The registrar doesn't really have much to say about which CA you use, but a hosting provider would.

Given that all certs are limited to a year, we're only a few steps away from the Let's Encrypt setup being automated everywhere.


Just imagine:

- Not allowed to change authoritative DNS

- CAA set to everything except LE

- cannot set CAA to LE

Wouldn't it be nice?


> - Not allowed to change authoritative DNS

Registrars are contractually required to allow registrants to change the nameservers associated with their domain.


Some "free" or "low cost" "registrars" actually are hosting providers that register the domain for you, and then provide you limited access to the tools normally available.


Do these still exist? I remember running into one of them around 2005, but I haven't heard of any since -- it's been a long time since "give away hosting and run ads against the content" was a viable business model.


I’m sure there are some crippling around somewhere, but it’s no longer a major concern.


NameSilo [0] is reliable and has the cheapest pricing for .com and some other TLDs. You can also look into Cloudflare [1]

I personally use NameSilo over Cloudflare because I don't want to give Cloudflare everything.

[0] https://www.namesilo.com/domain/transfer-domains

[1] https://www.cloudflare.com/en-gb/products/registrar/

https://developers.cloudflare.com/registrar/get-started/tran...

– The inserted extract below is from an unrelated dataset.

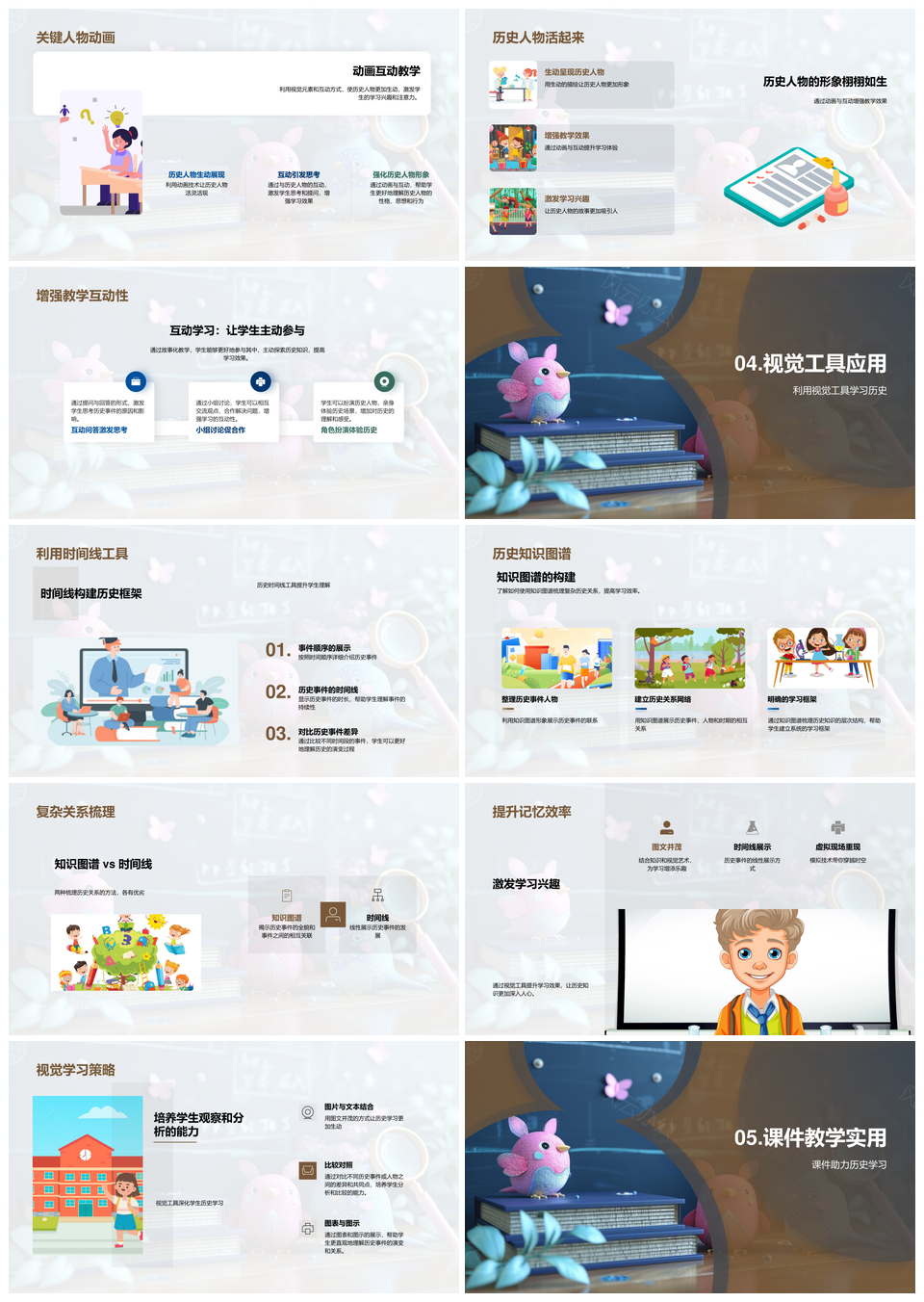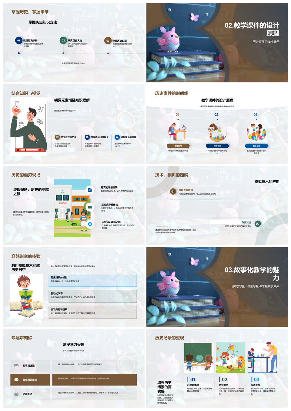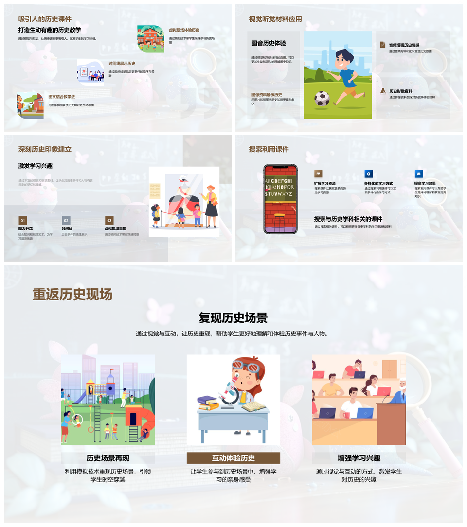 历史学习策略课件模拟技术视觉时间线知识图谱互动PPT模板推荐

If you don't feel like switching over this, I do this with dnsrobocert, with Namecheap's default DNS servers: https://github.com/adferrand/dnsrobocert


Thanks for the resource!


Is this a new development with namecheap? I currently have a domain with them that is set up with let's encrypt. I haven't touched my site in a long time now but visiting it now shows https.


Apparently not, but I only just noticed after their free 1 year trial of SSL certs expired. They're listed on the Let's Encrypt site as having no plans to support and the source is pretty hilarious:

https://community.letsencrypt.org/t/web-hosting-who-support-...

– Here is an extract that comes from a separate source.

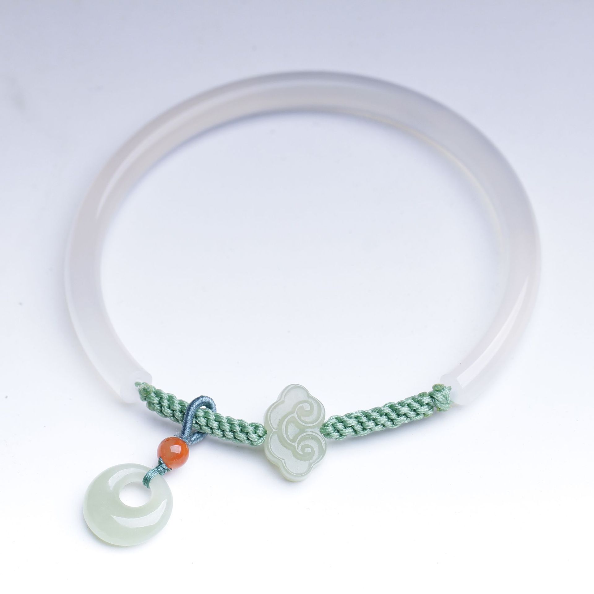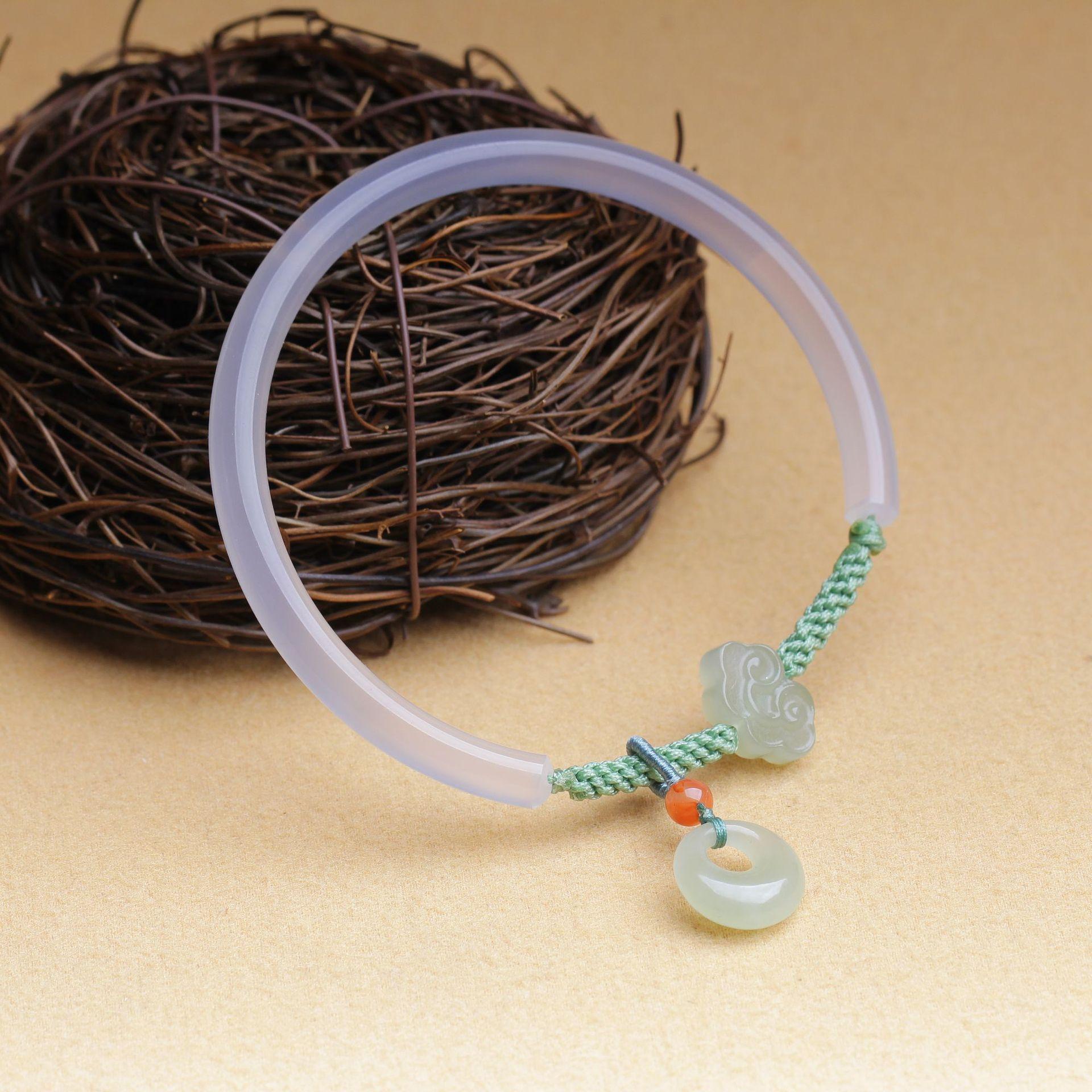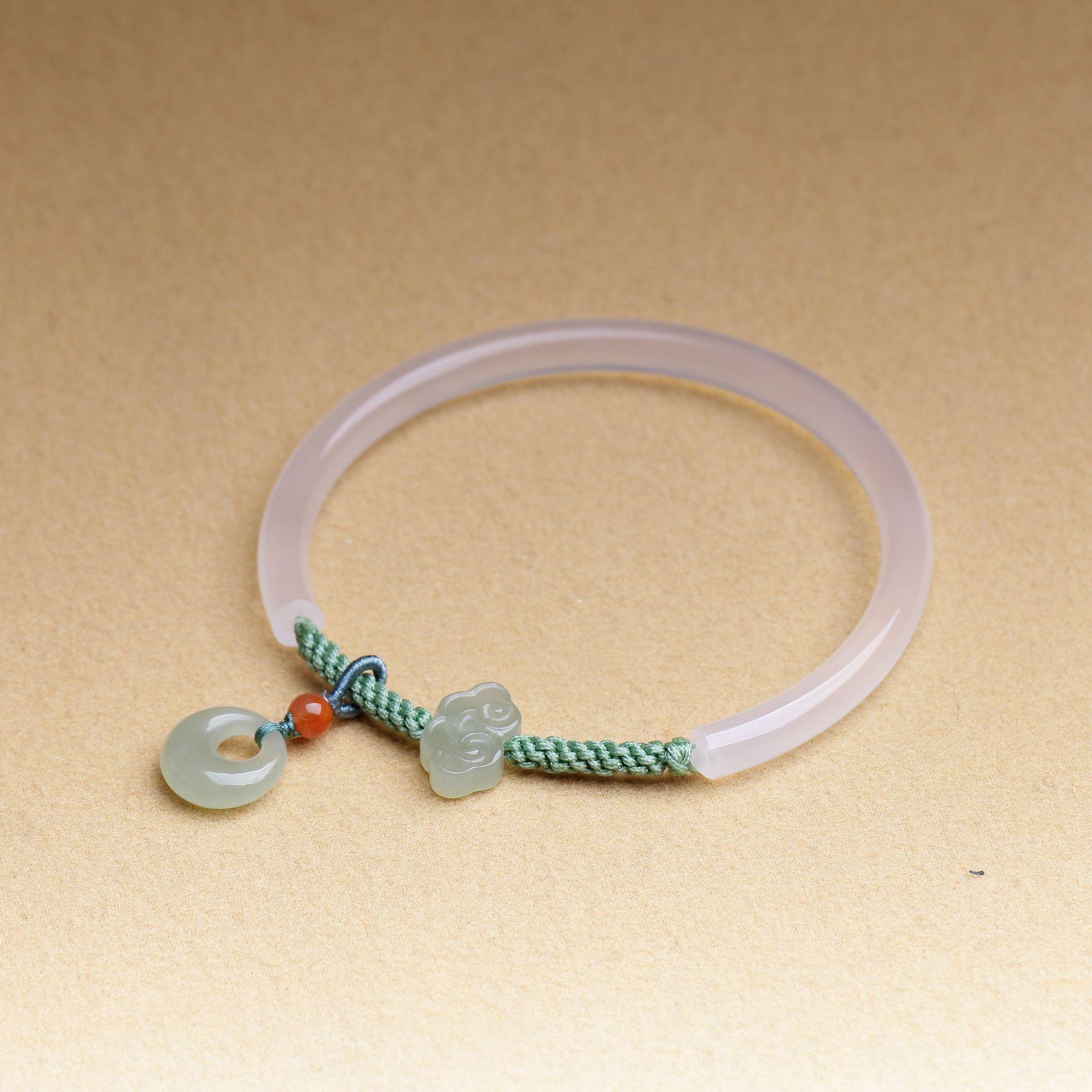 Pulseira de ágata branca natural com jade Hetian Xiangyun Ruyi fivela de princesa meia pulseira presente para amigas joia

Yes, you can set it up manually, but you have to do it every 90 days as opposed to having it automatically updated in a supported hoster.


The domain registrar is unrelated to LE and can’t block LE.

Just install caddy on a $5/mo VPS instead of using your domain registrar as a host. It will automatically renew LE certs. Your current setup is almost always a terrible idea.


You usually get more out of shared hosting for $5/mo. And you don't have to manage it.